# Silver cell



## plante1999 (Jan 14, 2012)

First I am an home chemist so , I know realy well chemicals.
I want to set a silver cell to get the silver from Silver plated copper wire (from E-junk). I dont want to mess with HNO3 (nitric acid) since it is costly and restricted here, I can make my own from the air, but I prefer to keep it for my chemistry hobby. Wath electrolite should I use for a silver cell? 

Thanks!!!


----------



## butcher (Jan 15, 2012)

I see several problems:
You would not get much nitric electrocuting air, (a little yes).

(You could use nitrate salts sodium or potassium to get the silver cell running can you get these? I know most anybody who lives outside of the cave can get sulfuric acid also distilling would be recommended).

problem with plated silver is you would also dissolve copper, and then you have these two to separate again, you can use a copper sulfate solution to break down metals and then use hydrochloric acid and oxidizer solutions to dissolve copper, leaving insoluble silver chloride, but this is very time consuming and costly, the tiny amount of silver will not pay for chemicals. 

There is a fairly new post on the forum of a member trying an experiment he studied written in German, but sorry I cannot remember details now (seems like was posted in the last several months so searching by date may help)from memory it was a sulfate solution with oxidizer (but my mind is foggy).

Usually we would just say sell the silver plated stuff as copper, and go buy silver.

Are you sure this is silver plated wire and not tin plated wire?


----------



## jimdoc (Jan 15, 2012)

It is here;
http://goldrefiningforum.com/phpBB3/viewtopic.php?f=50&t=12530


----------



## plante1999 (Jan 15, 2012)

In fact I already made some nitric from the air and it was prety dilute.

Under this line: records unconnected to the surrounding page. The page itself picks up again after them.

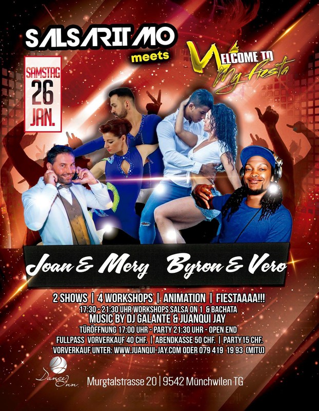4 Deluxe Gäste aus Spanien🇪🇸 4 Stunden Workshops💃🏻🕺🏾 2 Grossartige Shows ❗️ Beste Musik🎶 Tolles Ambiente❤️ das alles kann nur eines heissen FIEEESTAAA A LO GRANDE! ★ PROGRAMM 17:30 -21:30 Uhr 4 Workshops mit Künstlern aus Spanien 🇪🇸 * Salsa On1 - Mittelstufe Joan & Mery 17:30-18:30 *Bachata Sensual - Mittelstufe Byron & Vero 18:30-19:30 *Salsa Fortgeschritten Byron & Vero 19:30-20:30 * Bachata Fusion Fortgeschritten Joan & Mery 20:30-21:30 Party 💃🏻🕺🏾🍹21:30 Uhr - Open End... ❗️23:30 Uhr Show Time mit Joan & Mery | Byron & Vero 🎶Music by: DjGalante & Juanqui Jay Salsa All Styles - Bachata - Kizomba ★ PREIS Vorverkauf Fullpass 40 chf. (4 Workshops + Shows + Party) Abendkasse Fullpass 50 chf. Party 15 chf. ★TICKETS UNTER: www.juanqui-jay.com/welcome-to-my-fiesta Oder 079 419 19 93 (Mitu) DANCE INN Murgtalstrasse 20 9542 Münchwilen A BAILAR & GOZARRR SE FORMÓ EL RUMBÓN!!!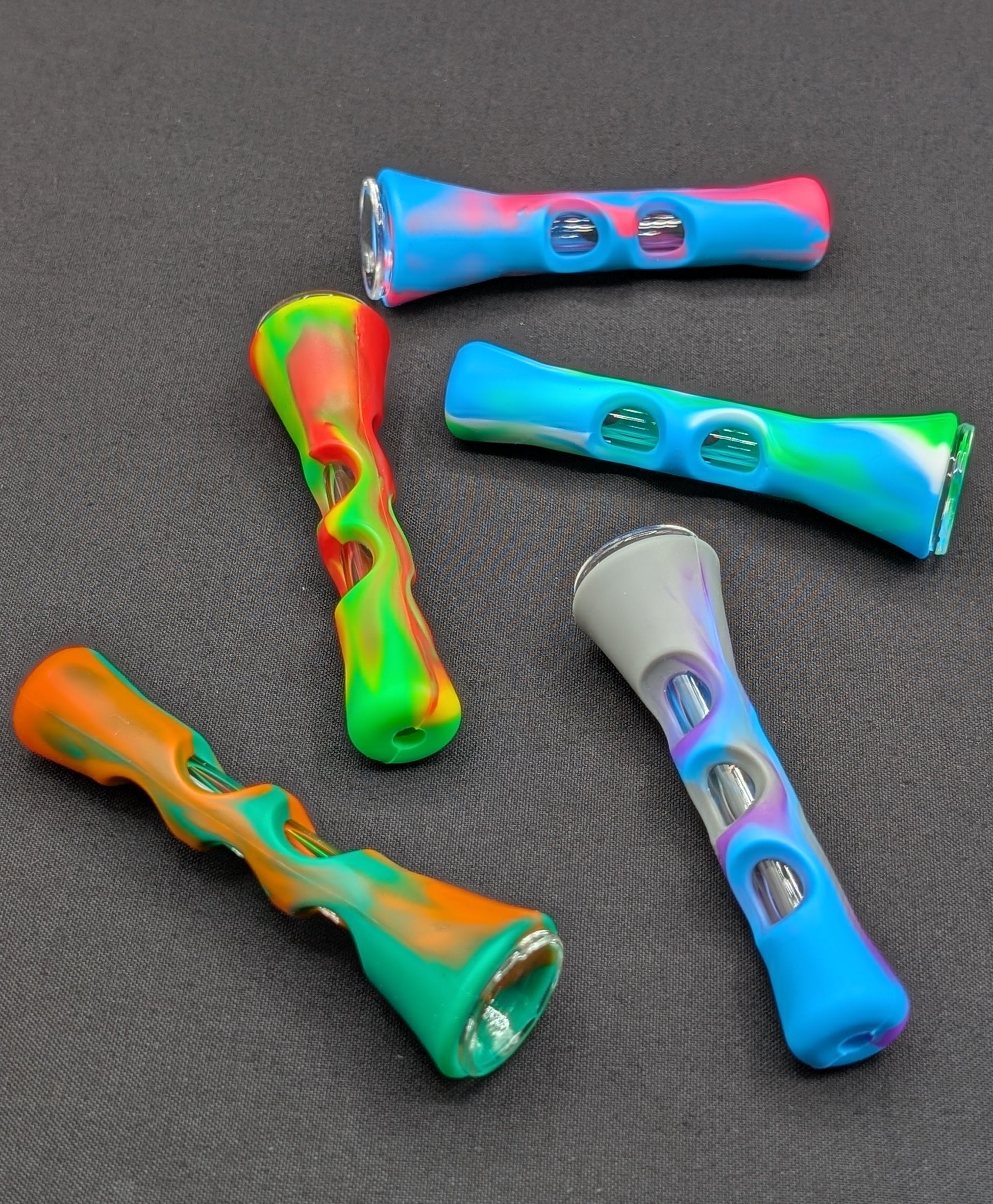 Description: 2 Silicone Wrapped Glass Pipe One Hitters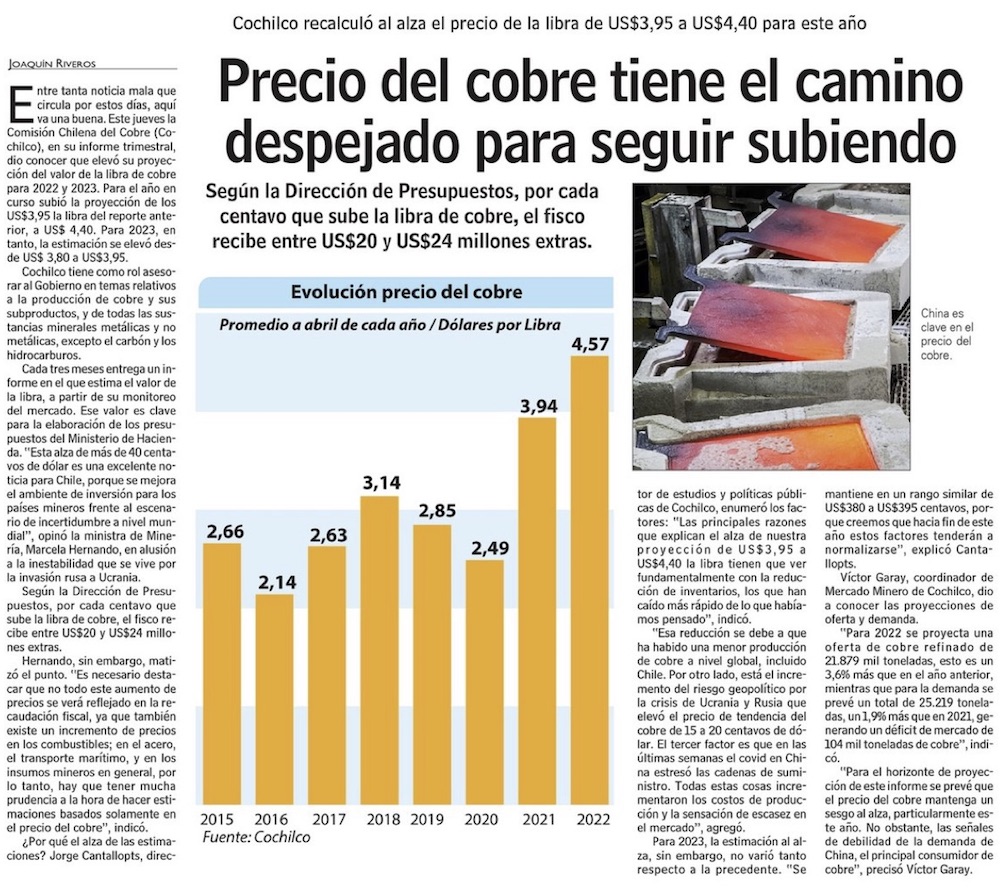 Cochilco eleva proyección del precio del cobre a US$ 4,40 y prevé nuevos record para el 2022 - (El Mercurio de Antofagasta)

In fact I dont know if it is tin plated or silver plated , but the wire is from old pc.

I can get 100g NH4NO3 (ammonium nitrate) as a nitrate salt.


----------



## butcher (Jan 15, 2012)

ammonium nitrate is not very good for making nitric acid (it works well but could be very dangerous if done wrong) ammonium nitrate can decompose with force, and when distilling this hot acid solution,you would not want that "force" throwing shards of glass and acid at you (for this reason I will suggest against its use).

sodium nitrate fertilizer can be ordered from online garden centers in 5 pound bags, if you cannot get it, or pottasium nitrate (sump remover, or fertilizer locally).

auto parts for battery acid (napa auto sells 5 gallon bags in cardboard. or the hardware for drain cleaner concentrated sulfuric.


----------